Three exceptions to nonrecognition. Gain is recognized in either event below: - Services. A partner's contribution of services in exchange for a partnership (P/S) interest creates ordinary income to the partner (P). - Disguised sale. A partner's contribution of property to a P/S followed by a P/S's distribution of property (other than a partnership interest) to a partner within 2 years is presumed by IRS to be a disguised sale. - Excess of P's net debt relief over P's basis. Excess net debt relief enjoyed by a partner over their basis in their partnership interest is treated as capital gain. Similar treatment holds for corporations. Recall that a shareholder relieved of debt by a corporation has taxable boot if the debt relief exceeds that shareholder's basis in contributed property. - No 80% control requirement.
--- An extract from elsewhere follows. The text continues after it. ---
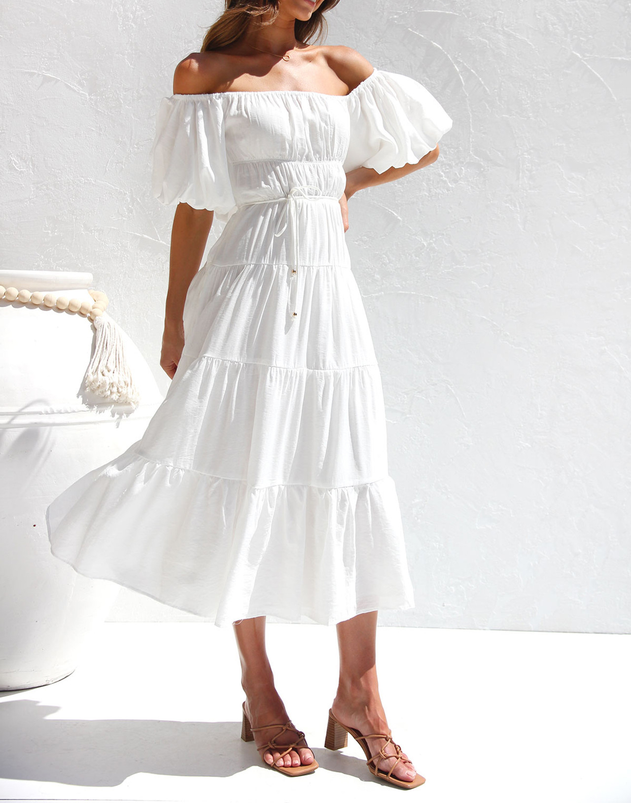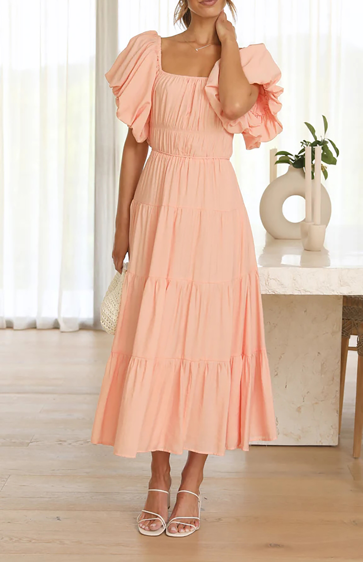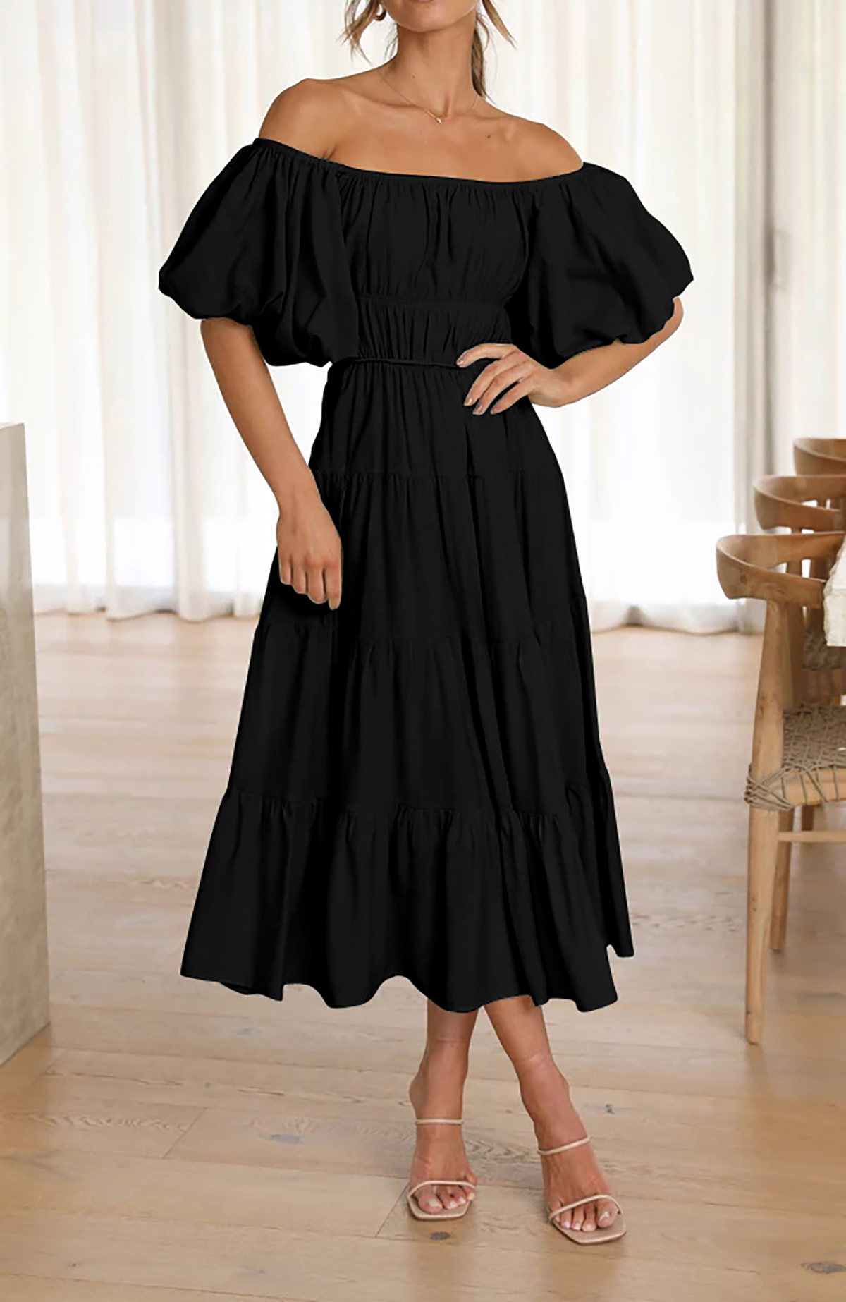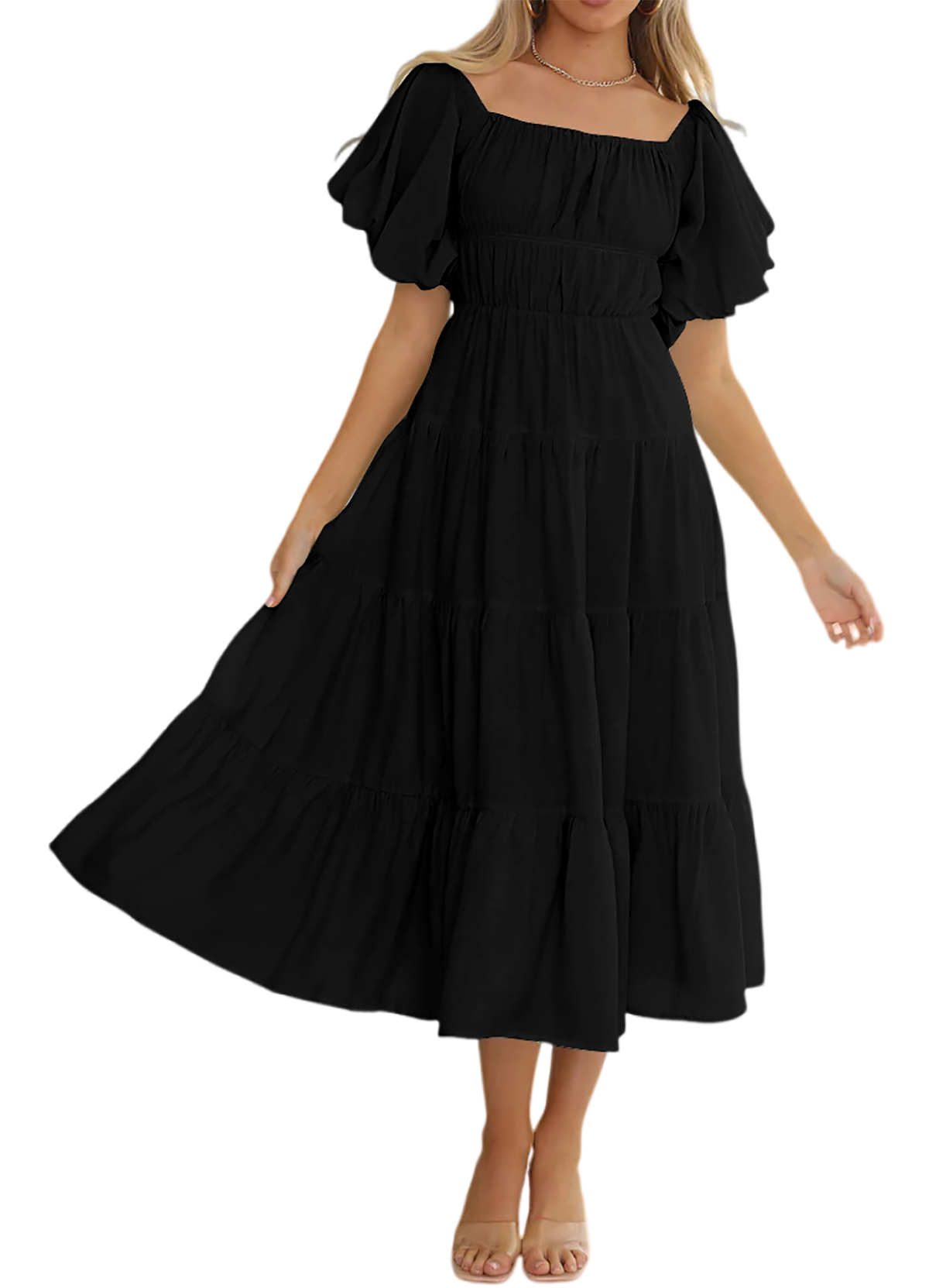 This beach dress has empire waist and midi length, making you more slender and feminine! The puff sleeve adds a cute vibe while the tiered ruffle is no only stylish but also flattering, giving the dress a casual and Bohemian flair that is perfect for relaxed summer vibe.

The 80% control requirement for corporate shareholders is not required of partners contributing property to a P/S. - Partner's outside basis increases with P/S debt assumption. A partner's outside basis increases by his pro rata share of a P/S's increase in both recourse and non-recourse debt. The debt may include debt transferred by a contributing partner. (In contrast, a corporate shareholder's stock basis is not affected by corporate debt assumption.) - Partner's outside basis decreases with debt relief. Debt transferred by a contributing partner to the P/S results in debt relief to the contributing partner. The partner must reduce his basis in the P/S by the amount of debt relief. (Similarly, shareholders must reduce their basis in stock for the amount of their debt assumed by the corporation.)

Limitation on Losses—At-Risk Rules

What about alimony paid, charitable contributions and other non- business/non-investment expenses? Prop. Reg. 1.465-13 addresses this question by providing that, " ...allowable deductions allocable to an [passive] activity are those otherwise allowable deductions incurred in a trade or business or for the production of income from the activity." (In other words, alimony and charitable contributions paid by a partnership are generally NOT subject to the at-risk rules since they do not ordinarily serve a business or investment purpose to the passive activity incurring these expenses. However, facts and circumstances govern "purpose".)